To Update or Not To Update

There's a discussion happening right now on one of my writers loops that I'm finding interesting. Should backlist books be updated or released as is?

Some say yes, that technology and attitudes have changed. (Some of these authors involved in the discussion have books from the 1980s and 1990s.) They say that readers will be jerked out of the story if someone is looking for a pay phone for example.

I totally understand wanting to do this. There's an unfortunate reference to MySpace in one of my books that was written before it was obvious it was in its death throes. I'd love to erase that, but this is a book to which I do not have my rights returned.

Other authors on the loop say, no, just put the year it was published at the front of the book so that readers realize when it takes place. They ask an interesting question: If a book is updated now, will it need to be updated again in another ten years because of technology changes?

There's also a debate about early books not being as well written versus early books having a certain something to them that comes from that inexperience.

What's the most interesting to me, though, is this is a debate I had with myself a few years back when I got the rights back to four books and a novella. The earliest was only written in 2002, so it was less than ten years old at that point, but my writing had improved and I write much tighter now than I did in my early work.

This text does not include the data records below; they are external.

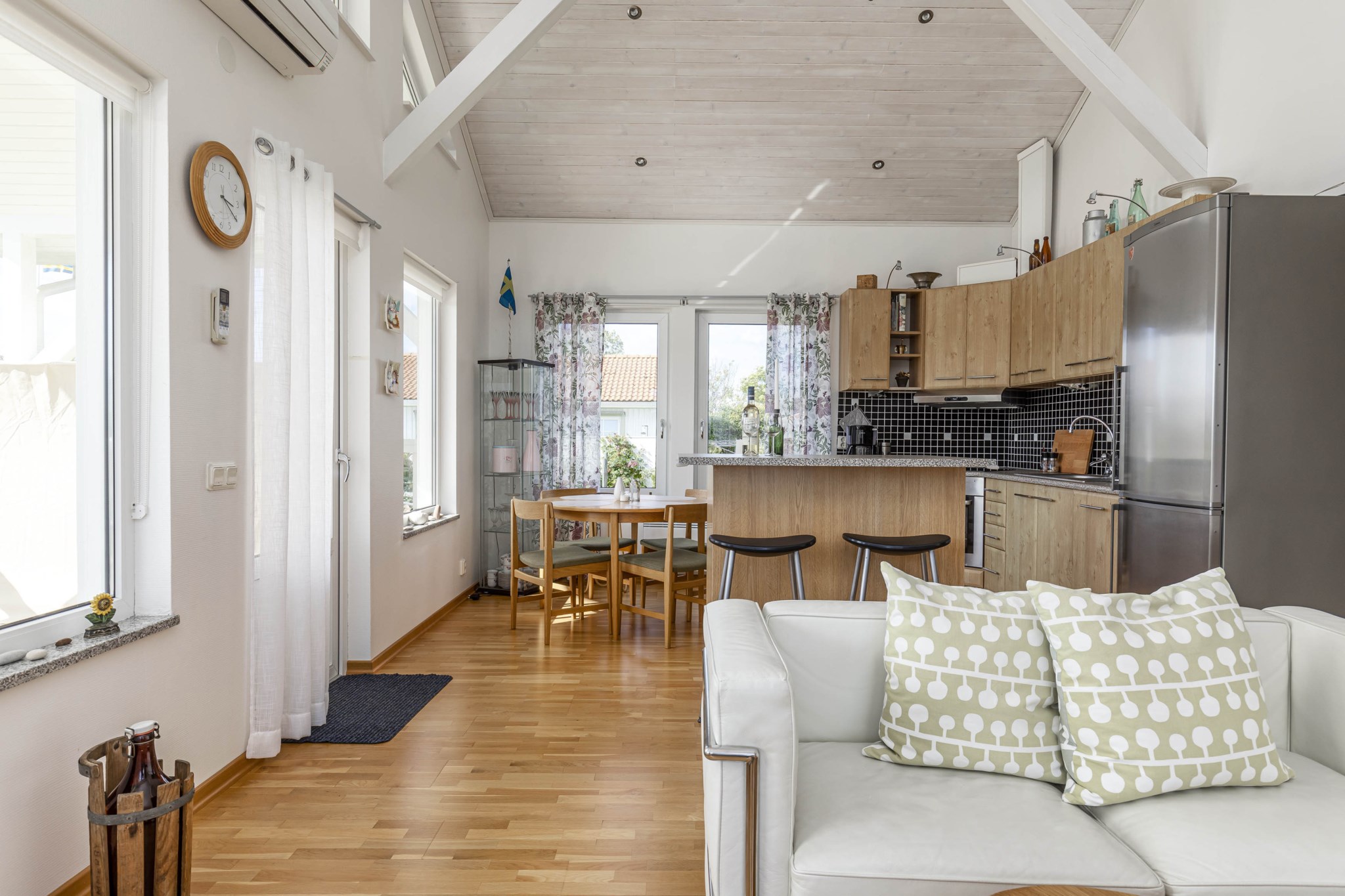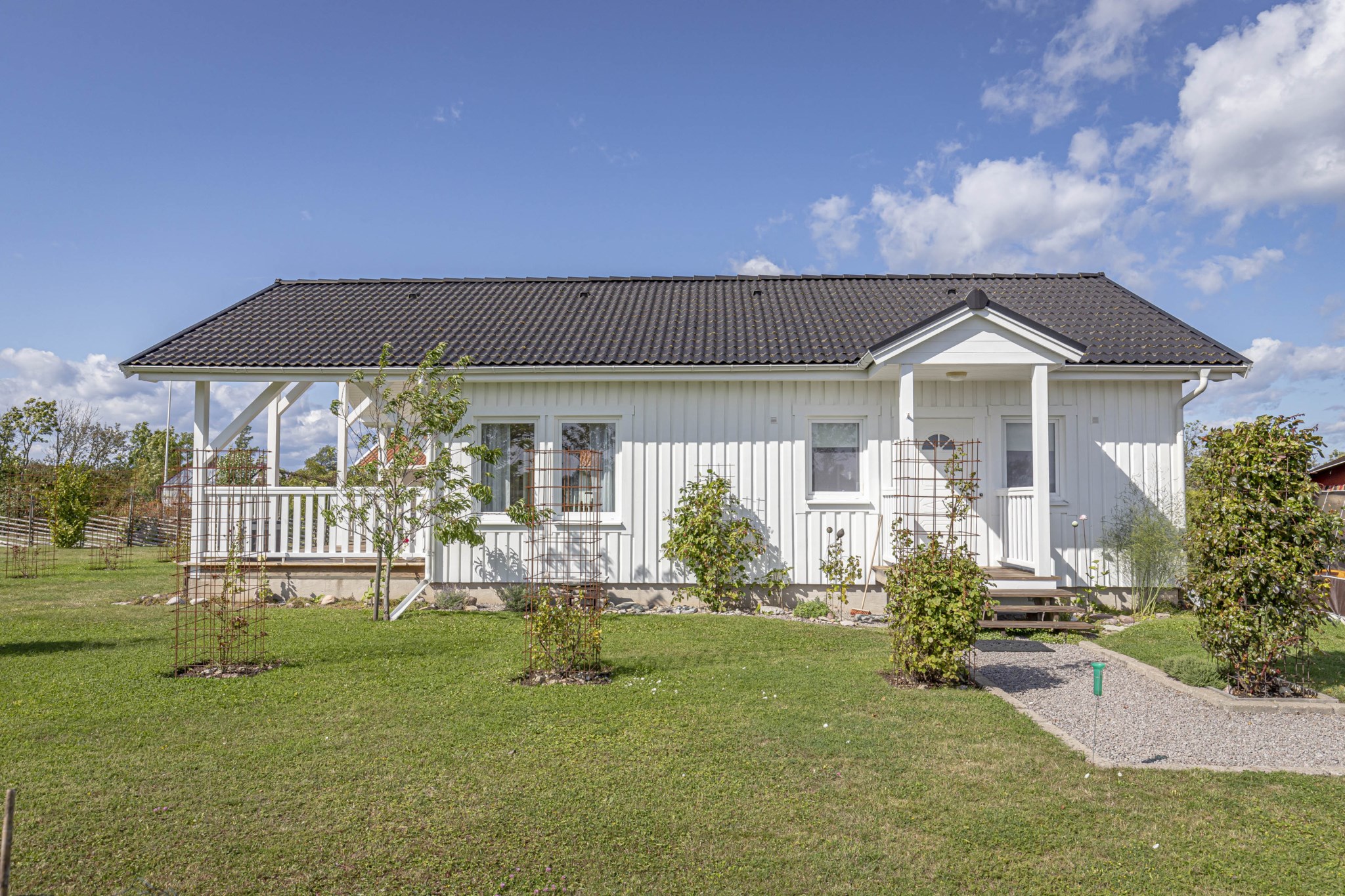 Huset är disponerat med en härlig storstuga med öppet upp i nock och modern köksinredning, utgång till en stor takskyddad altan med soligt sydvästläge. 3 sovrum, klädkammare, hall och helkaklat toalett/duschrum.
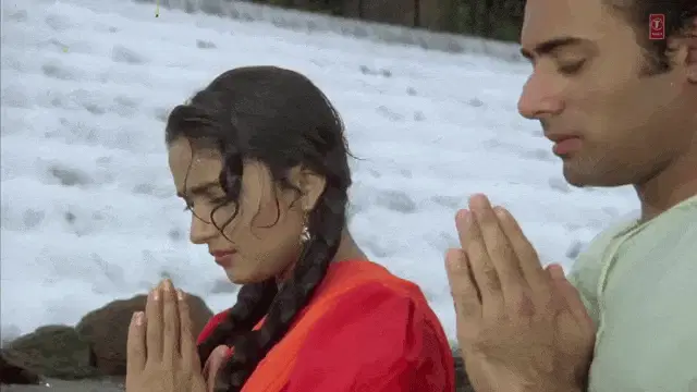Maan (Gurmeet Choudhary) and Geet (Drashti Dhami) share a tense moment, with Maan looking intently at Geet.
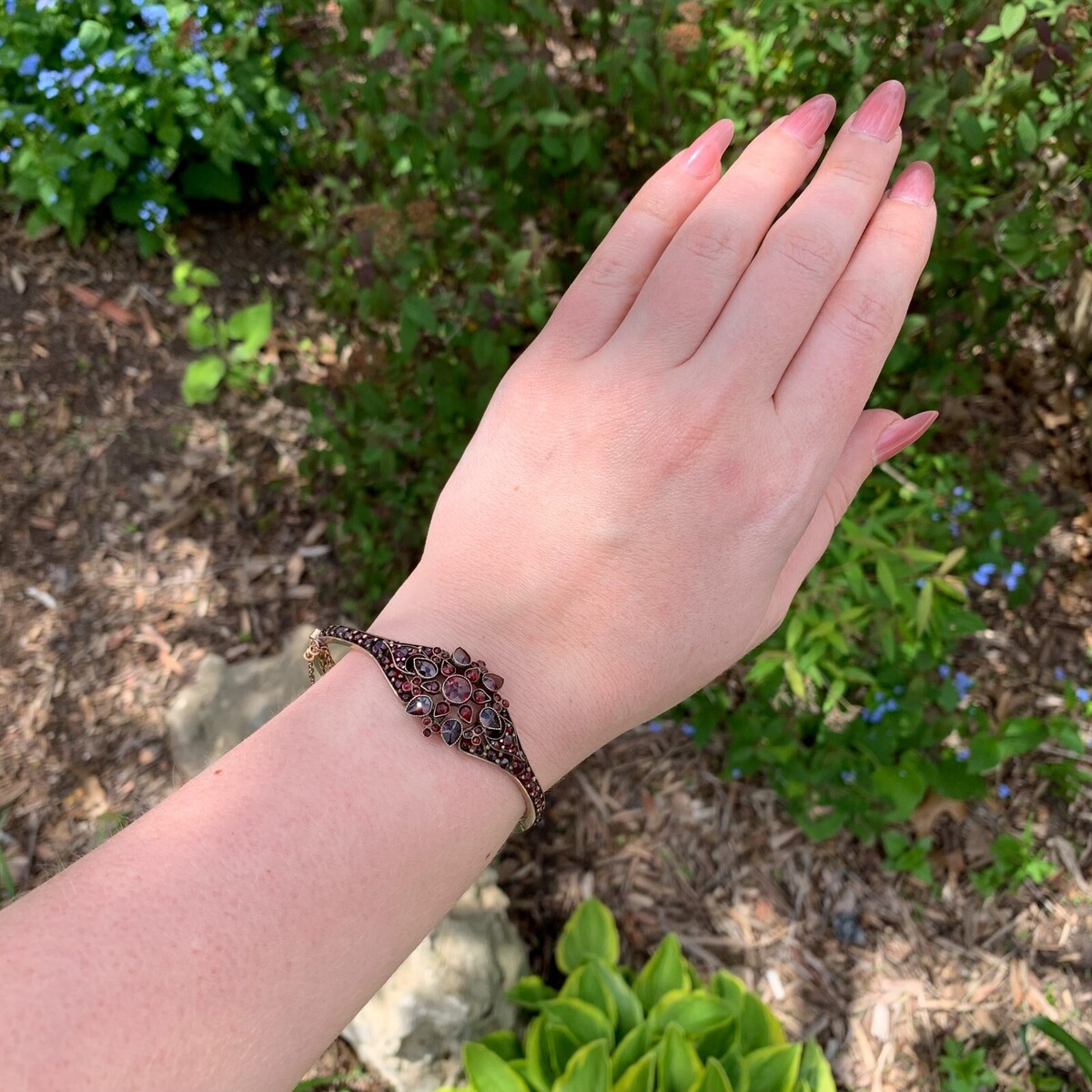 Bohemian garnet bangle bracelet with a beautiful rosette center. The bracelet is made of gilt jeweler's brass. There is a gold filled safety chain. The beautiful rose cut and full cut garnets are a dark red color. The bracelet is an oval shape and fits a size 7.25" wrist. It measures 2 3/8" by 2 1/8" on the interior. The bracelet weighs 10.61 dwt., and dates from the 1880s. Lovely piece! Note: The bracelet is out of round and a little bent. There are some dents, and the safety chain has been added with lead solder. Being offered as-is.
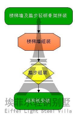 3.輕鋼別墅樓梯施工流程圖如下:
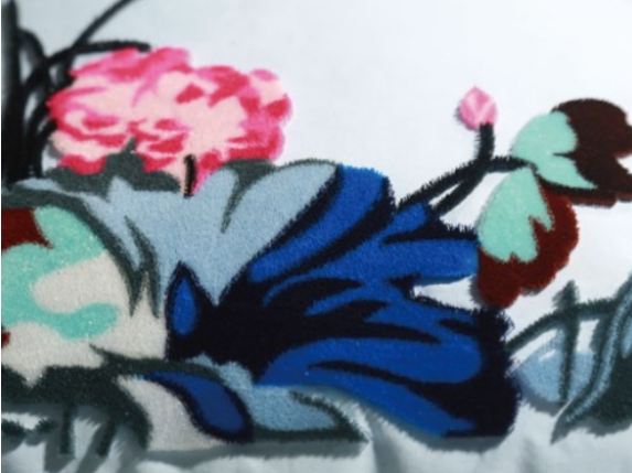 11、植絨成品線絨平滑、均勻。繡線穿透織物緊勾固定,經過背膠處理后牢固可靠。
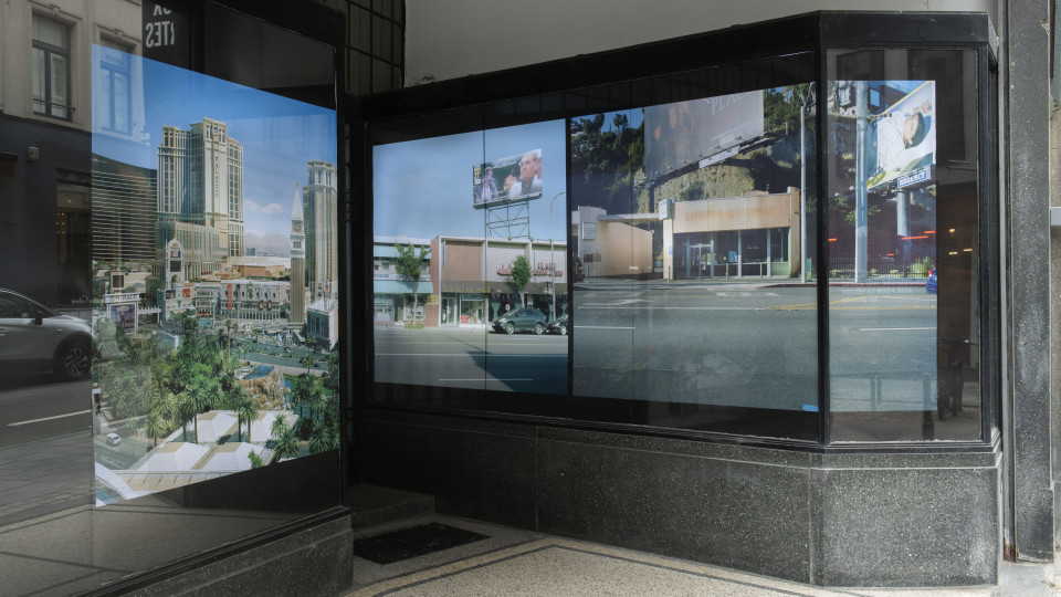 Spécialement conçue pour la vitrine d’Entre deux portes, l’installation photographique proposée par Hannah Darabi et Benoît Grimbert met en relation les projets qu’ils ont chacun menés à Los Angeles et ses alentours au cours des dix dernières années : Soleil of Persian Square (2021), consacré à la diaspora iranienne de Californie du Sud, et Horse Latitudes (2023), dédié à Jim Morrison.
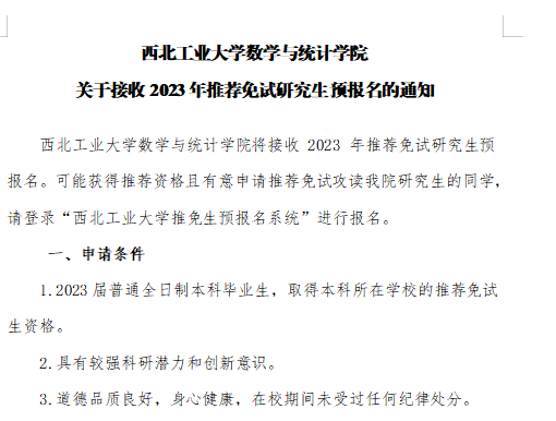 威廉体育官方网站关于接收2023年推荐免试研究生预报名的通知
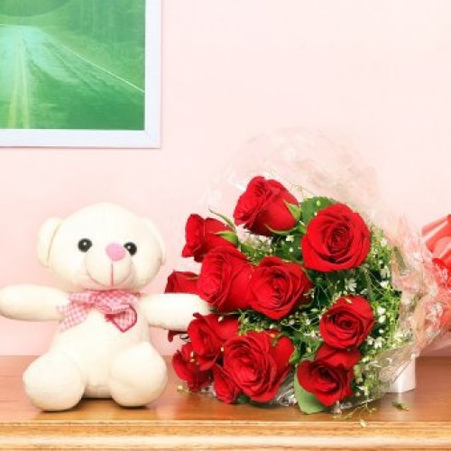 7 RED ROSES AND 6 INCH TEDDY
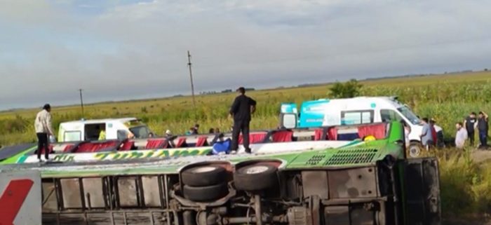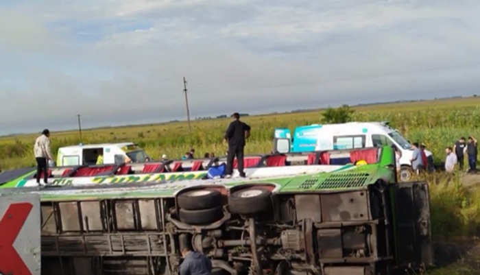 Por lo que se ve en las primeras imágenes, el colectivo, con 50 personas a bordo, quedó tendido a un costado de la transitada ruta alrededor de las 8 de la mañana, a la altura del kilómetro 325.
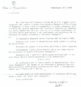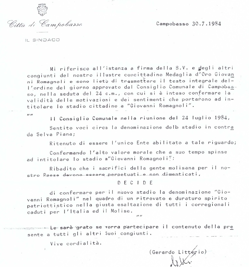 “Ancora una volta – scrivono Pilone e Cancellario – ci troviamo a discutere di un tema ampiamente ‘sviscerato’ e dibattuto che pensavamo fosse stato definitivamente archiviato alla luce degli atti comunali esistenti. Vogliamo ricordare, per l’ennesima volta, che prima della approvazione della mozione del 2009 in Consiglio Comunale, richiamata nell’ordine del giorno presentato dai colleghi, esiste agli atti una delibera di consiglio comunale che provvede ad intitolare lo stadio di Selva piana all’eroe di guerra Giovanni Romagnoli, corredata dalle comunicazioni fatte alla famiglia stessa, a firma dell’allora sindaco Gerardo Litterio, in merito al provvedimento effettuato”.
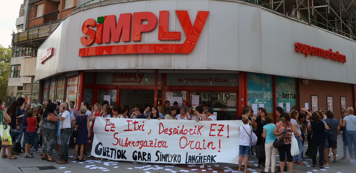 Enpresak erakutsitako interes falta honen eta geratutakoaren aurrean, Bizkaiko Simplyko batzordeek eta Grupo Norte azpikontratako langileek kontzentrazioa egin dugu Bilboko Autonomia kaleko 53an dagoen Simply saltokiaren aurrean, gaur asteazkena, abuztuaren 30ean, “Guztiok gara Simplyko langileak!” lemarekin, 12:30etik 13:00etara. Pasa den abuztuaren 24an ere kontzentrazioa egin genuen Gordoniz kaleko Simplyn. Alde batetik, langileak jasaten ari garen jasanezinezko prekarietate egoera salatu dute eta bestetik, etzirako, irailaren 1erako aurreikusita dagoen Grupo Norteko 31 lankideen kaleratzeen aurrean, subrogazioa eskatu. Gure ustez, Simplyko langileak dira hauek ere.
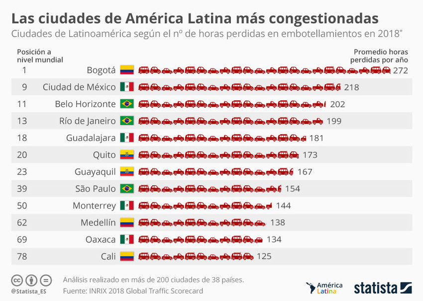 Según un nuevo estudio de INRIX, una empresa de análisis del sector del transporte, Bogotá fue la ciudad en 2018 con los peores embotellamientos tanto de América Latina como a nivel mundial. Los problemas de congestión vial en la capital de Colombia son tan serios que, tal y como muestra esta infografía elaborada por Statista, los conductores bogotanos desperdiciaron en promedio 11 días o 272 horas al año en el tráfico de la ciudad.
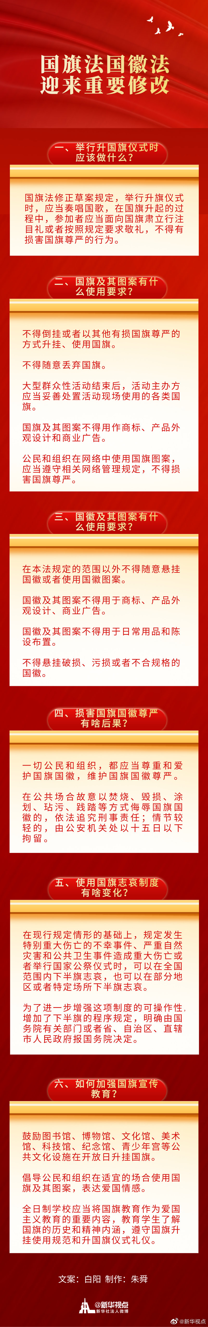 升國旗儀式上應(yīng)該做什么?參加大型群眾活動過后的國旗要怎么處理?損害國旗國徽尊嚴的行為有什么后果?8日,國旗法修正草案和國徽法修正草案提請全國人大常委會會議審議。戳大圖,了解兩法修正草案的重點↓↓ ????

I ultimately decided not to rewrite, but to correct a few minor things that either were introduced in edits or that had always bothered me. There were many reasons why I opted to do it this way.

First, if I rewrote--especially my first story--what I released would bear almost no resemblance to the originally published version. It would (in essence) be a brand new book and there were too many readers who wanted an ebook version to spring a completely different story on them.

Second, the time factor. I'm a slow writer and I'm even slower now that my day job hours and commute time in Georgia have stolen two hours from each weekday that I used to have when I lived in Minnesota. I wanted to spend the time I did have to write on new stories.

Third, all four books and the novella were set in the future and all of them were written in the 2000s. I simply didn't have the kinds of issues to deal with that authors who wrote contemporary romance in the 1980s have to consider for a re-release.